For MNCs, the situation calls for strategies concerning price transparency, vigilance regarding growing regulatory checks for both approval and safety issues, and a thoughtful approach to clinical trial design so that products are clearly differentiated from their competitors.

Gauging (and capitalizing on) the future

China’s dynamic environment represents a significant bright spot in an era otherwise saturated with global uncertainty. Success, however, is never guaranteed, and those who wish to capitalize on China’s evolving landscape—not just powerhouse MNCs but also local players and smaller entrants—must effectively plan for and execute in three critical areas.

The first is geographic coverage and adaptation. Going deeper and wider into those cities, provinces, channels, and hospitals previously considered beyond economical reach is now an imperative. Hand-in-hand with that imperative is the need to enhance the field force and account management in order to optimize relationships with both the central government and the various provincial policy makers. In addition, marketing efforts must be resourced in a fashion that adapts to the changing needs. A couple of MNCs and local companies have started to put into play a model that effectively runs China as separate geographical units. Other companies are carefully monitoring the success—or otherwise—of this approach.

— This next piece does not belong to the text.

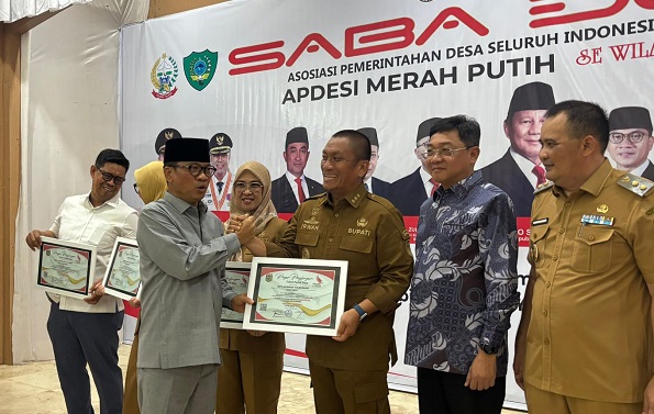 MAROS, TEKAPE.co – Bupati Luwu Timur, Irwan Bachri Syam menerima penghargaan sebagai “kepala daerah yang peduli desa” pada kegiatan Saba Desa, Asosiasi Pemerintah Desa Seluruh Indonesia (APDESI) Merah Putih se-Indonesia Timur, di Gedung Serbaguna Pemkab Maros, Selasa (02/12/2025).

The second key area of concern is the product portfolio strategy—having, in other words, a portfolio that intelligently reflects the market and is flexible enough to reshape itself in the face of dramatic changes while also reflecting the widely variant policies seen at the governmental and provincial levels. Brand managers must be adept at positioning and targeting products. Launch strategies must be finely tuned to reflect the particular dynamics of particular cities and regions.

The third key area relates to market access and pricing. There will be no substitute for a comprehensive understanding of each drug’s listing (and potential listing) on reimbursement drug lists; increased patient access will come at likely reduced prices, making the price-volume trade-offs a critical equation to master and to flex. Negotiation mechanisms, risk sharing programs that benchmarked developed markets are going to come into play for high priced drugs between local governments and the manufacturers. All of this means that optimizing product pricing strategies so as to align the portfolio with market conditions will likewise be a prerequisite to future success, as will the execution of sophisticated plans in negotiation mechanisms, support of tendering and supply chain management.